X
Business

The fine print: Brookings study on Google-DoubleClick deal funded by Microsoft

I missed the fine print when I first checked out the 51-page AEI-Brookings Joint Center for Regulatory Studies paper on the Google-DoubleClick deal: This is yet another piece of research funded by Microsoft (and, in this case, AT&T).
Written by Mary Jo Foley, Senior Contributing Editor

I missed the fine print when I first checked out the 51-page AEI-Brookings Joint Center for Regulatory Studies paper on the Google-DoubleClick deal: This is yet another piece of research funded by Microsoft (and, in this case, AT&T).

The paper found that a Google-DoubleClick merger, if allowed, might create potential antitrust concerns.

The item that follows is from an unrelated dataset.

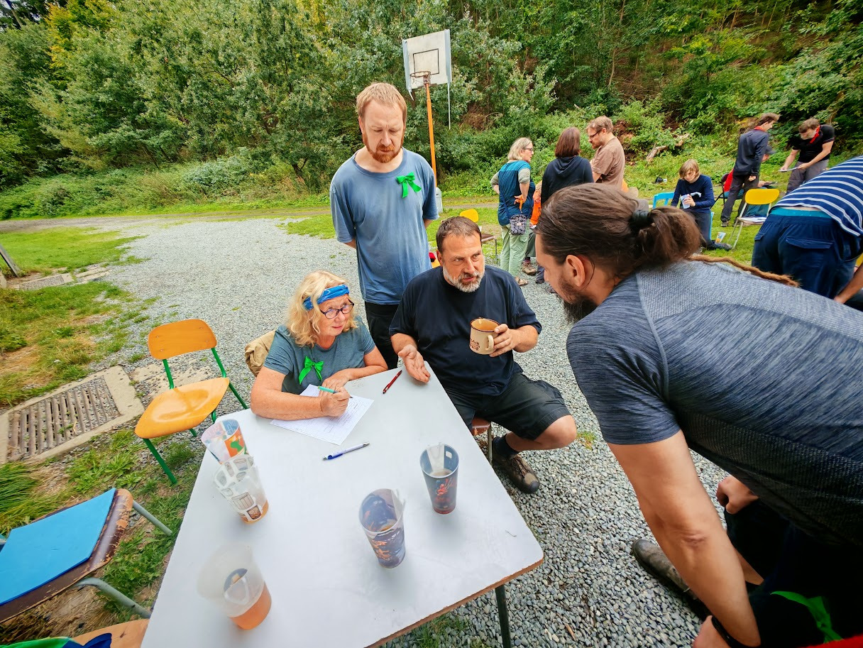 Malá přestávka a přesouváme se do informačního šapitó. Informace proudí pouze drátově. Jeden z týmů dokázal správně přenést všech 21 otázek a získat zpět 21 správných odpovědí. V šapitó to šumělo – myslím, že by měl Cimrman radost. Zklamáním pro někoho mohla být absence zavináčů…

Some industry observers, like PaidContent (which noted the Microsoft backing of the paper), pointed out what its authors viewed as flaws in AEI-Brookings' arguments. PaidContent notes:

"The one big-red-flag in this (Brookings') argument: the contention that search-based ads are substitutable by contextual-based advertising which in turn can be substituted by graphic/displays advertising, as market prices change. Not convinced that’s true: all three serve different functions, some common-sense analysis of ad buyer’s intentions would say."

But analyst Henry Blodget, on his Internet Outsider blog (which notes clearly the Microsoft-funded element of the study), sees Google's -- not Microsoft's/Brookings'-- claim as suspect:

"Google's argument, that 'paid search' and 'display' are two different businesses, is bogus. Why? In part because Google itself sells search and display exactly the same way (PPC). In part because some 'display' ads look just like paid search ads. In part because the whole premise of AdSense for Content is that web users won't have to bother "searching" to find the ads--they'll appear next to what the users are already interested in. In part because Google's closest competitor, misfiring Yahoo, treats all web advertising as a single business. In part because search and display ads sometimes appear on the same pages. And mainly because, in the eyes of almost everyone but Google, it's all just web advertising."

Microsoft ended up spending its $6 billion DoubleClick allowance on aQuantive. If Google isn't allowed to buy DoubleClick because of antitrust concerns, it will be interesting to see who, if anyone, snaps up the company.